11.2.3. Kerberos Key Distribution Center Proxy

Some administrators might choose to make the default Kerberos ports inaccessible in their deployment. To allow users, hosts, and services to obtain Kerberos credentials, you can use the HTTPS service as a proxy that communicates with Kerberos via the HTTPS port 443.
In Identity Management (IdM), the Kerberos Key Distribution Center Proxy (KKDCP) provides this functionality.

KKDCP Server

On an IdM server, KKDCP is enabled by default. The KKDCP is automatically enabled each time the Apache web server starts, if the attribute and value pair ipaConfigString=kdcProxyEnabled exists in the directory.
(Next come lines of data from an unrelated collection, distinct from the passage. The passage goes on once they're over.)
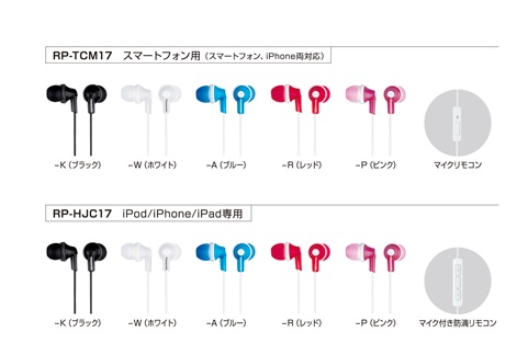 両モデルはiPhoneなどに対応したインサイドホン。マイク付きリモコンを搭載し、手元のスイッチで音楽の再生や一時停止・曲のスキップなどの各種操作が行えるほか、iPhoneではハンズフリー通話も可能。また、RP-HJC17は防滴仕様なので雨や汗からもリモコンを守ることができる。このほか、密閉型を採用しているので音漏れの軽減を実現した。カラーは両モデルともにブラック/ホワイト/レッド/ピンク/ブルーの5色展開。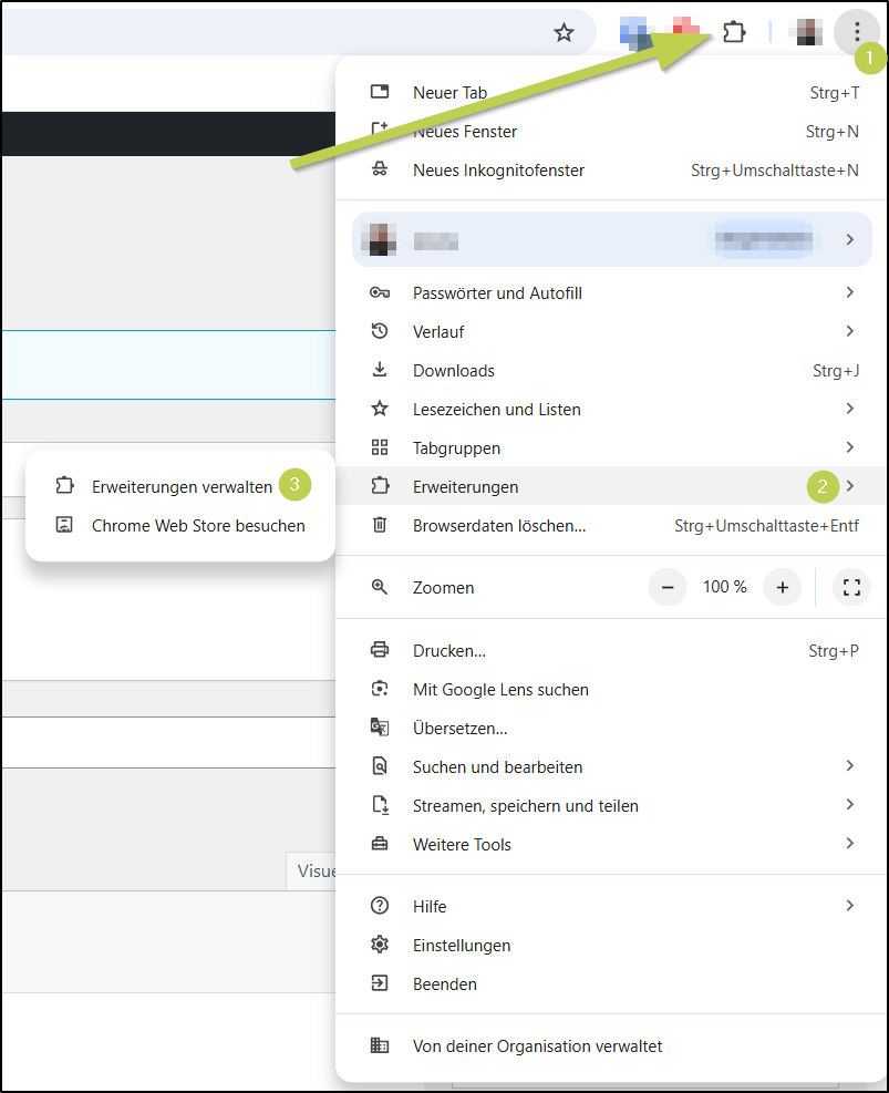 Gehen Sie in die Erweiterung von Google Chrome. Klicken Sie dazu auf das Erweiterungs-Symbol oder über das 3 Punkte zu den Erweiterungen -> Erweiterungen verwalten.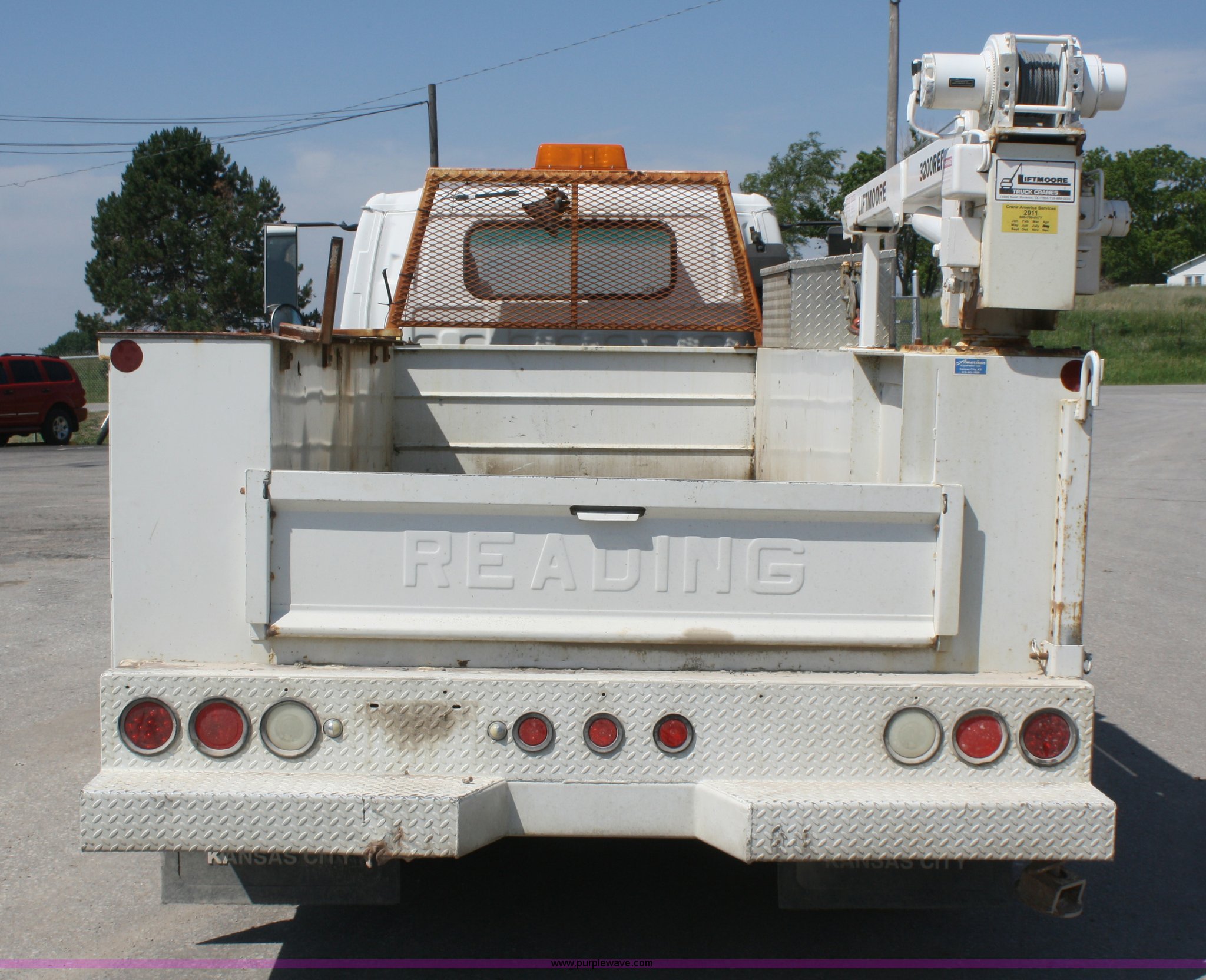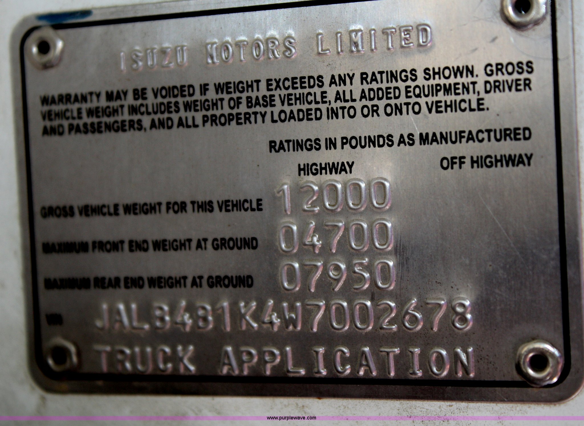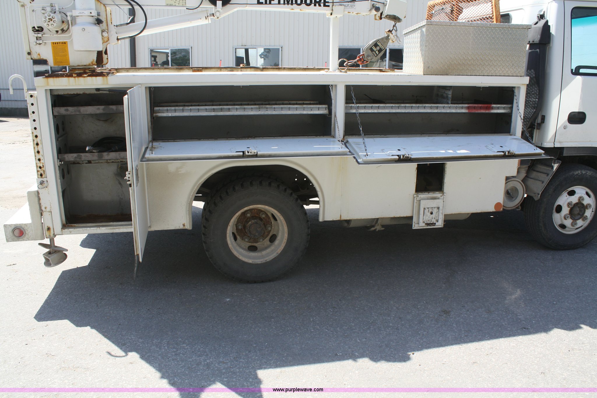 Purple Wave is selling a used Service Truck in Kansas. This item is a 1998 Isuzu service truck with the following: 191,710 miles on odometer, Isuzu 3.9L turbo diesel engine, Automatic transmission, Reading 11'L utility bed, Lift Moore 32000REF crane, Serial U297W58, 3,200 lb capacity, 15' maximum reach, 3,200 lb capacity block, 235/85R16 tires, AM/FM does not work, AC needs recharged, Muffler is bad, Intermittent transmission light, Crane is rough, Engine runs rough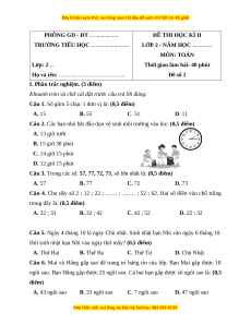Câu 3. Trong các số: 57, 77, 72, 73, số lớn nhất là: (0,5 điểm) A. 57 B. 77 C. 72 D. 73

In this situation, the symbolic link /etc/httpd/conf.d/ipa-kdc-proxy.conf is created. Thus, you can verify that KKDCP is enabled on an IdM Server by checking that the symbolic link exists.
$ ls -l /etc/httpd/conf.d/ipa-kdc-proxy.conf
lrwxrwxrwx. 1 root root 36 Aug 15 09:37 /etc/httpd/conf.d/ipa-kdc-proxy.conf -> /etc/ipa/kdcproxy/ipa-kdc-proxy.conf
See the example server configurations below for more details.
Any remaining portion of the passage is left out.